Data:
- - -

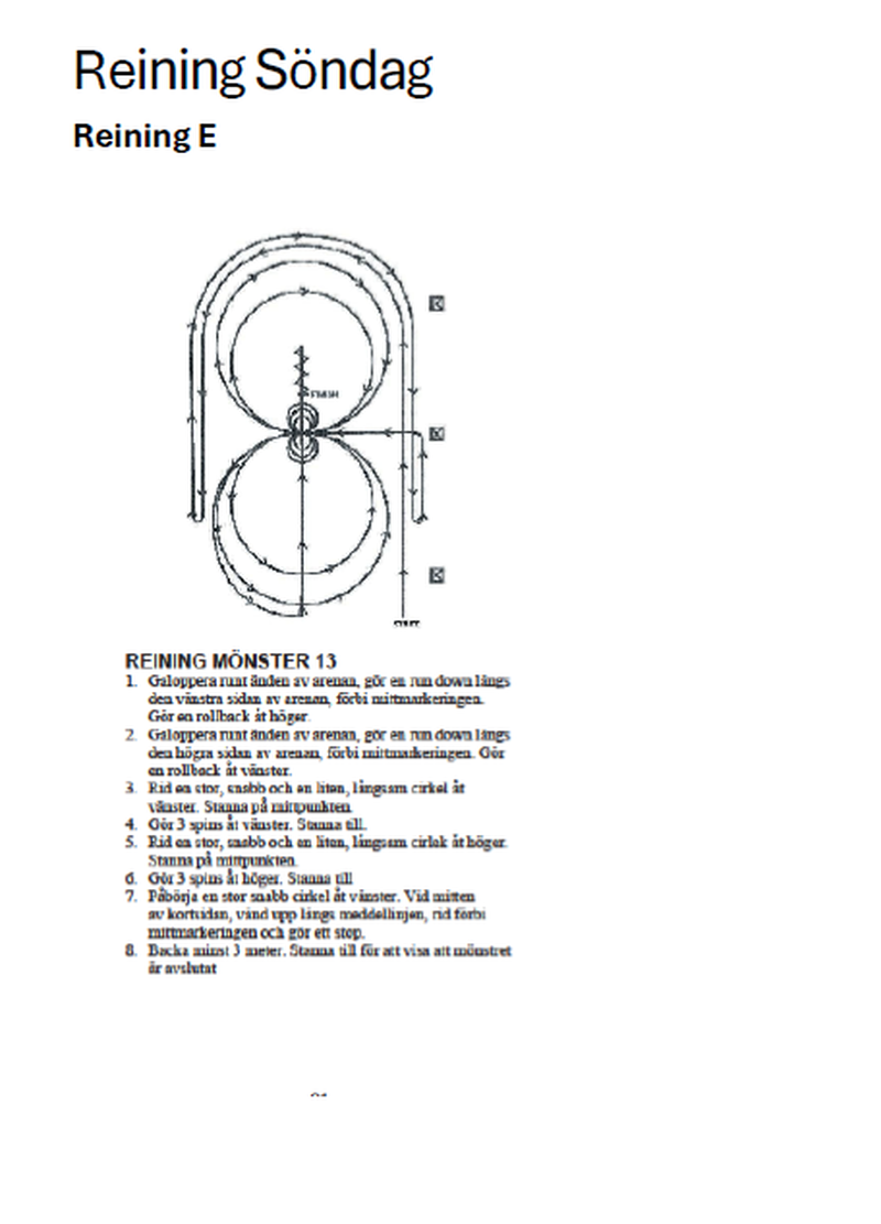 | 21 | Reining D Open | 15 minuters uppvärmning i ridhuset innan den här klassen. Alla reiningekipage samtidigt oavsett klass. OBS! Problem med filer i tävlingssystemet. Samma mönster (Reiningmönster 12) som klass 12, Reining E. | 4 | |||||||||||||||||||||||||||
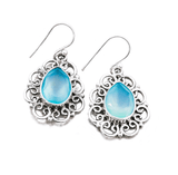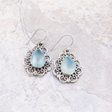 Calm and soothing aqua chalcy stone are one of our faves! MARTA earrings feature beautiful ocean green aqua chalcy gemstones with intricate sterling silver design.
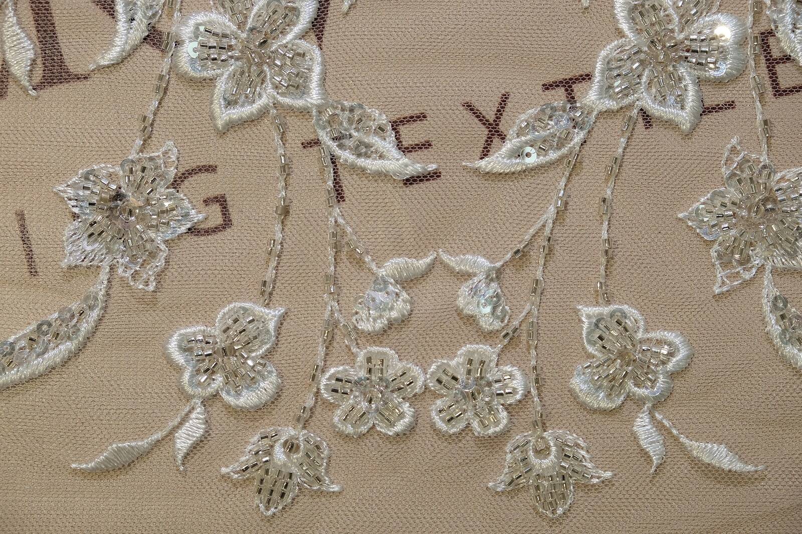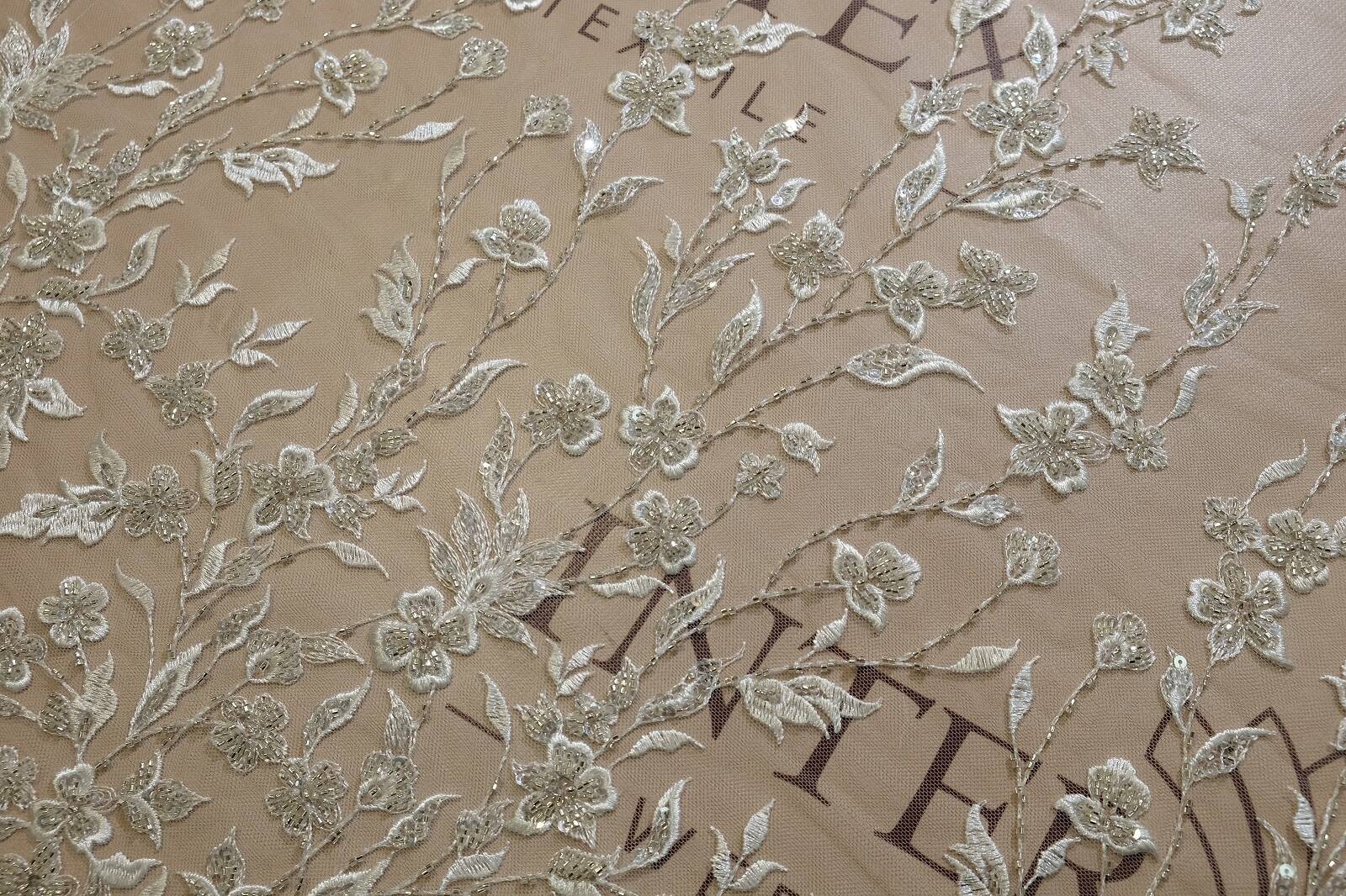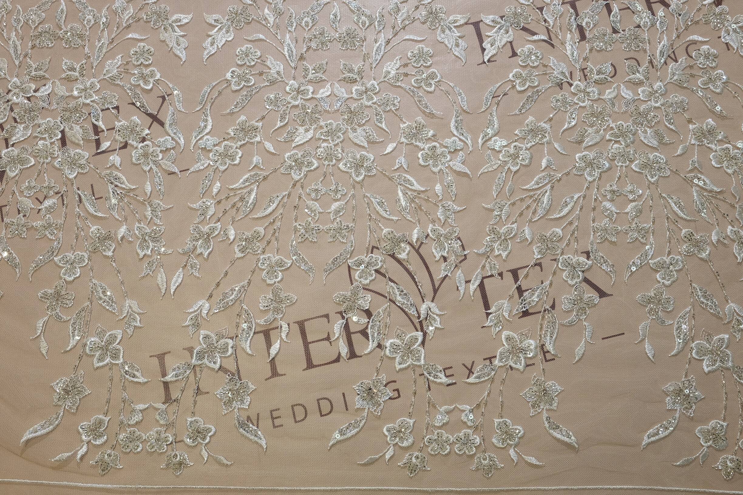 Расшитое кружевное полотно - это изысканная ткань, на которой узор изготовлен с помощью вшитых или прикрепленных декоративных элементов, таких как бисер, пайетки, жемчужины и тому подобное. Они добавляют полотну текстурной глубины и создают эффектные детали, делая кружево особенно изысканным и богатым. Расшитое кружево часто используется для изготовления свадебных платьев, вечерних нарядов, а также для декорирования аксессуаров.
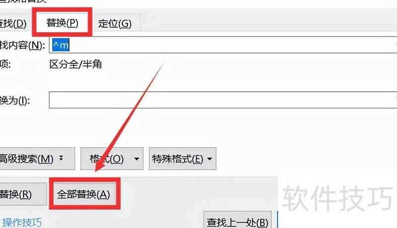 4. 步骤二:查找完成后,切换至替换并点击全部替换即可完成操作。
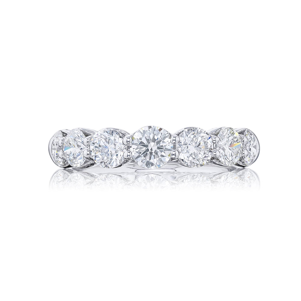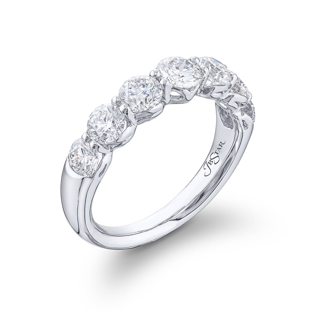 This JB Star seven stone wedding band is crafted in platinum. This wedding ring is set with a total of 1.87 carats of round diamonds that are F-G in color and VS in clarity.

- - -

Your instructions: With the images removed, write out all of the material above exactly.

Finished exercise:
 | 21 | Reining D Open | 15 minuters uppvärmning i ridhuset innan den här klassen. Alla reiningekipage samtidigt oavsett klass. OBS! Problem med filer i tävlingssystemet. Samma mönster (Reiningmönster 12) som klass 12, Reining E. | 4 | |||||||||||||||||||||||||||
 Calm and soothing aqua chalcy stone are one of our faves! MARTA earrings feature beautiful ocean green aqua chalcy gemstones with intricate sterling silver design.
 Расшитое кружевное полотно - это изысканная ткань, на которой узор изготовлен с помощью вшитых или прикрепленных декоративных элементов, таких как бисер, пайетки, жемчужины и тому подобное. Они добавляют полотну текстурной глубины и создают эффектные детали, делая кружево особенно изысканным и богатым. Расшитое кружево часто используется для изготовления свадебных платьев, вечерних нарядов, а также для декорирования аксессуаров.
 4. 步骤二:查找完成后,切换至替换并点击全部替换即可完成操作。
 This JB Star seven stone wedding band is crafted in platinum. This wedding ring is set with a total of 1.87 carats of round diamonds that are F-G in color and VS in clarity.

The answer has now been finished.